Task item - Leaving out the pictures, copy each record below exactly.

Records for this task -
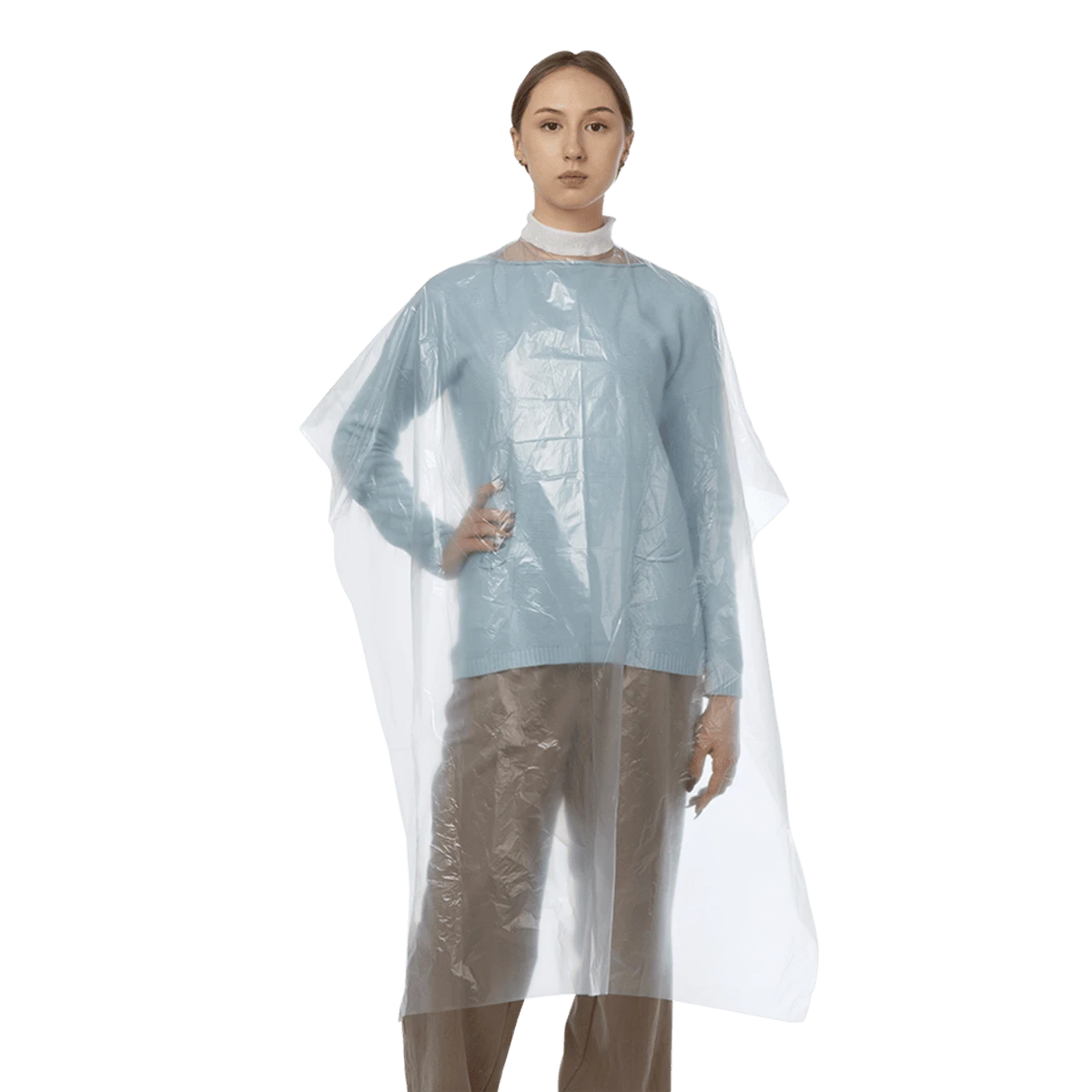 Пеньюар стандарт из полиэтилена может применяться в парикмахерской сфере во время выполнения процедуры стрижки, окрашивания или химической завивки волос для защиты кожи и одежды клиента.
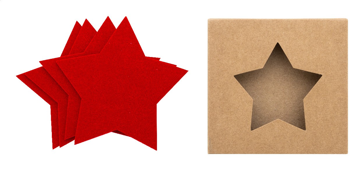 Set de 4 suporturi de pahare, de Crăciun, în formă de stea, din fetru RPET. În cutie de hârtie kraft.
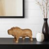 - Handcrafted Teak Wood Lion Sculpture in Natural Finish.
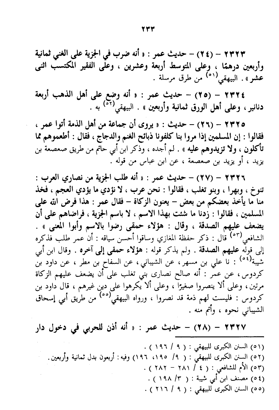 حَدِيثُ عُمَرَ: " أَنَّهُ ضَرَبَ فِي الْجِزْيَةِ عَلَى الْغَنِيِّ ثَمَانِيَةً وَأَرْبَعِينَ دِرْهَمًا، وَعَلَى الْمُتَوَسِّطِ أَرْبَعَةً وَعِشْرِينَ، وَعَلَى الْفَقِيرِ الْمُكْتَسِبِ اثْنَيْ عَشَرَ ". الْبَيْهَقِيُّ مِنْ طُرُقٍ مُرْسَلَةٍ. 2324 - (25) - حَدِيثُ عُمَرَ: " أَنَّهُ وَضَعَ عَلَى أَهْلِ الذَّهَبِ أَرْبَعَةَ دَنَانِيرَ، وَعَلَى أَهْلِ الْوَرِقِ ثَمَانِيَةً وَأَرْبَعِينَ ". الْبَيْهَقِيُّ بِهِ.
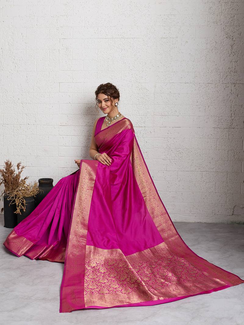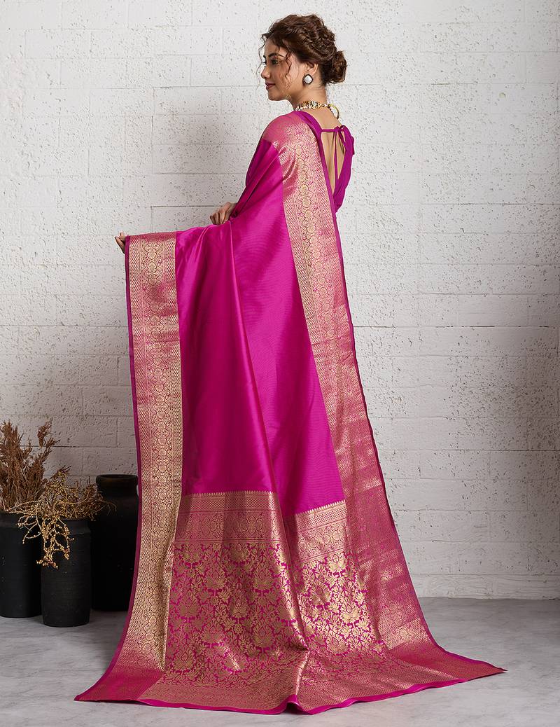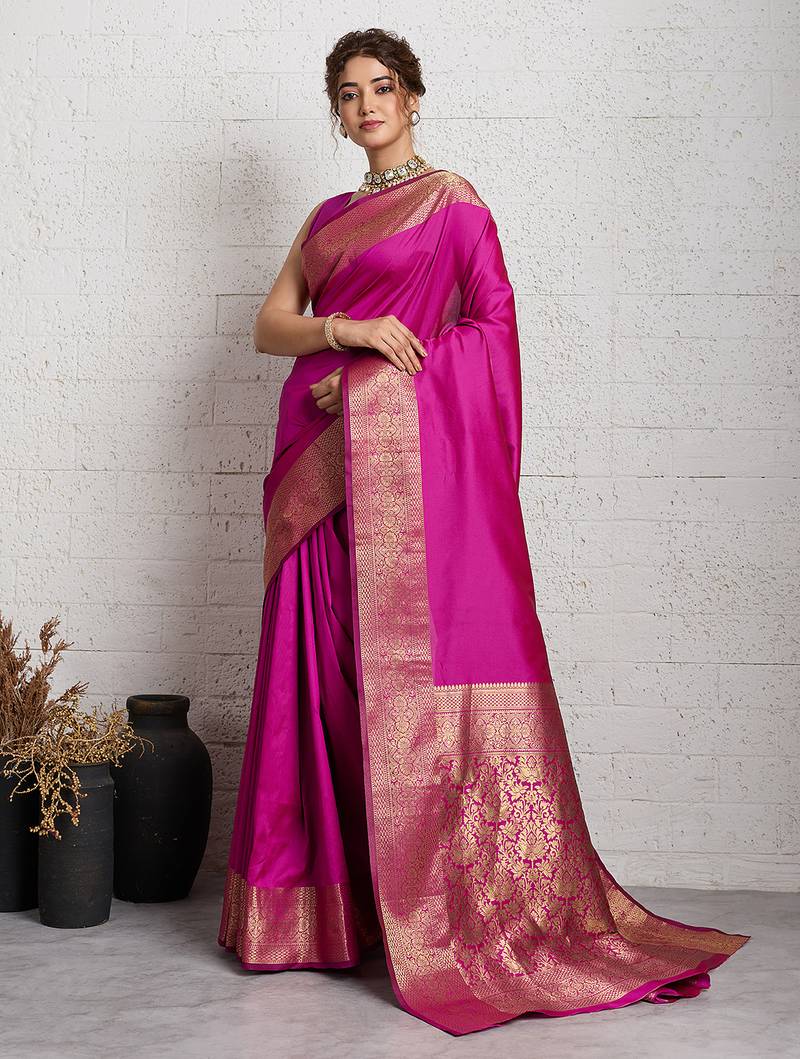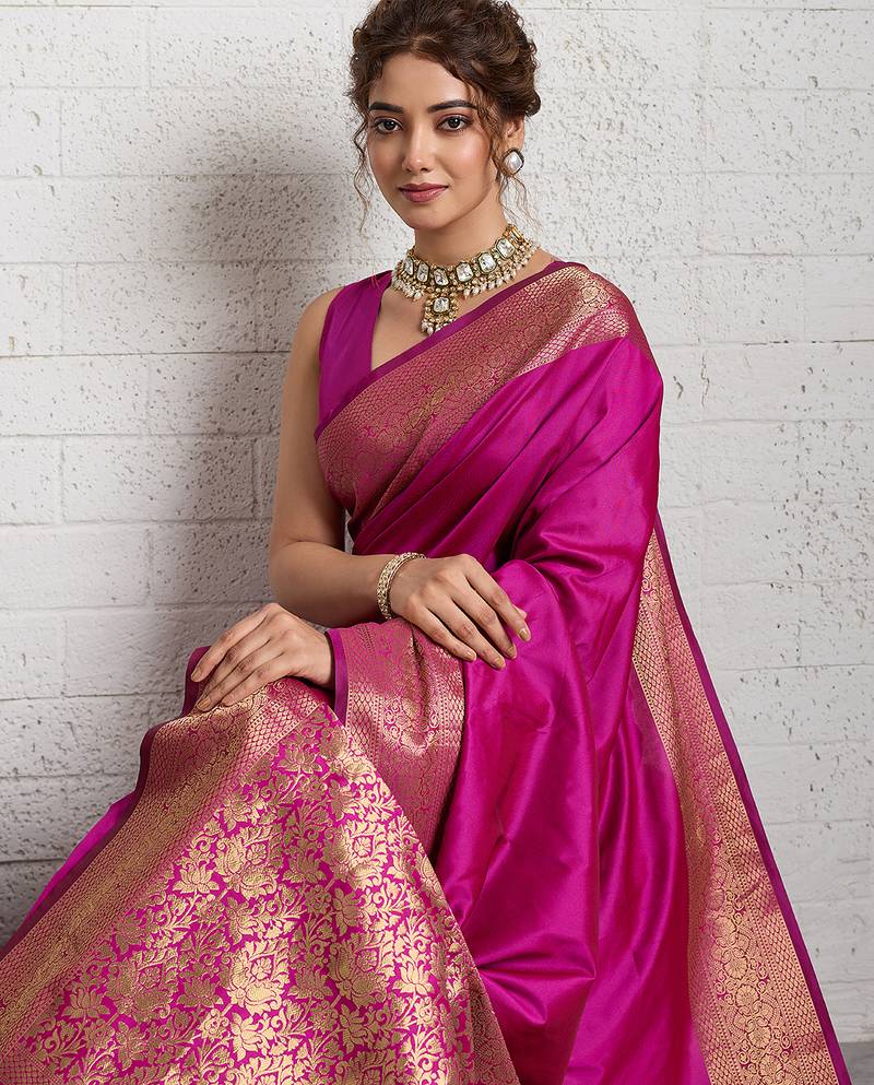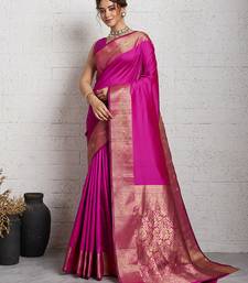 Dark pink woven, self design, embellished pure silk banarasi saree with blouse
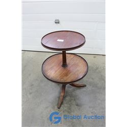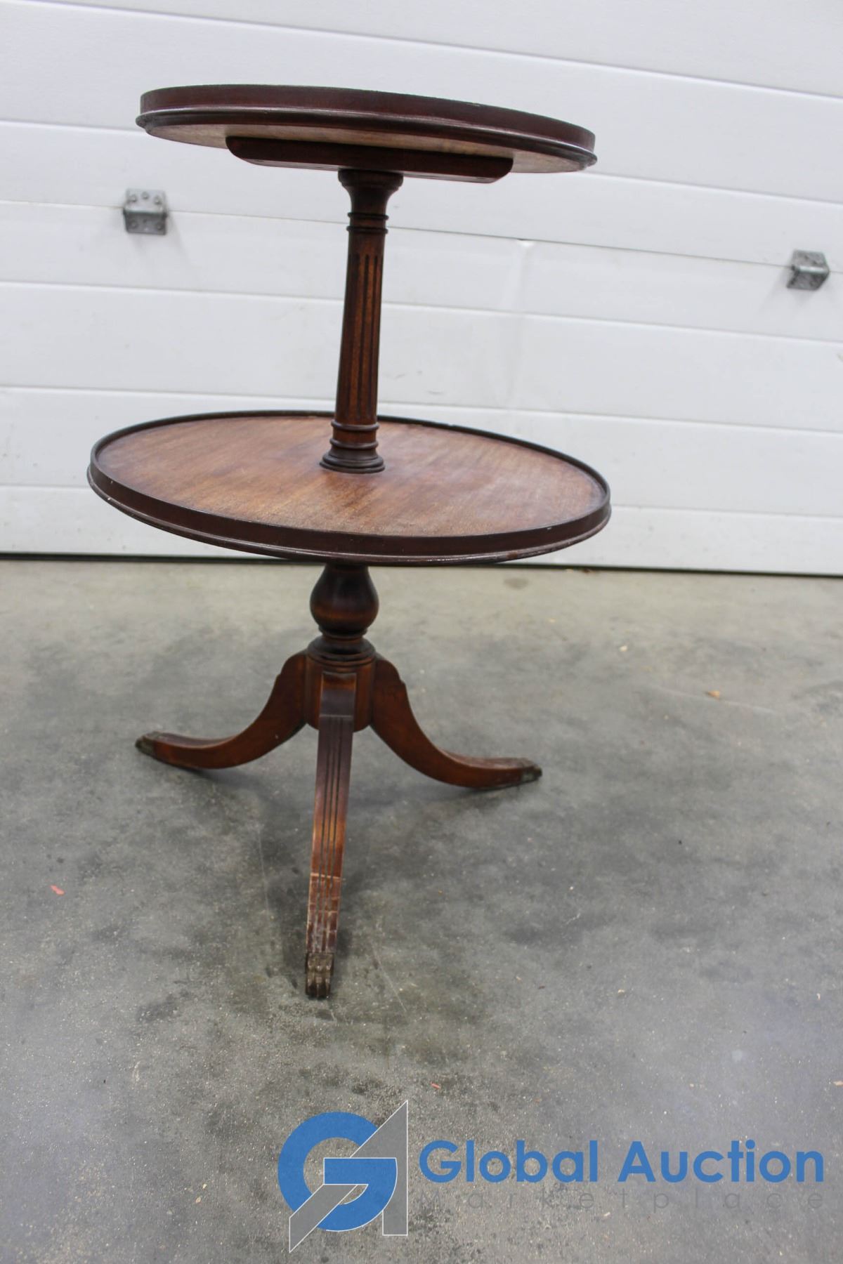 2 Tier Round Wooden Knick Knack Table W Brass Feet

Your solution -
 Пеньюар стандарт из полиэтилена может применяться в парикмахерской сфере во время выполнения процедуры стрижки, окрашивания или химической завивки волос для защиты кожи и одежды клиента.
 Set de 4 suporturi de pahare, de Crăciun, în formă de stea, din fetru RPET. În cutie de hârtie kraft.
 - Handcrafted Teak Wood Lion Sculpture in Natural Finish.
 حَدِيثُ عُمَرَ: " أَنَّهُ ضَرَبَ فِي الْجِزْيَةِ عَلَى الْغَنِيِّ ثَمَانِيَةً وَأَرْبَعِينَ دِرْهَمًا، وَعَلَى الْمُتَوَسِّطِ أَرْبَعَةً وَعِشْرِينَ، وَعَلَى الْفَقِيرِ الْمُكْتَسِبِ اثْنَيْ عَشَرَ ". الْبَيْهَقِيُّ مِنْ طُرُقٍ مُرْسَلَةٍ. 2324 - (25) - حَدِيثُ عُمَرَ: " أَنَّهُ وَضَعَ عَلَى أَهْلِ الذَّهَبِ أَرْبَعَةَ دَنَانِيرَ، وَعَلَى أَهْلِ الْوَرِقِ ثَمَانِيَةً وَأَرْبَعِينَ ". الْبَيْهَقِيُّ بِهِ.
 Dark pink woven, self design, embellished pure silk banarasi saree with blouse
 2 Tier Round Wooden Knick Knack Table W Brass Feet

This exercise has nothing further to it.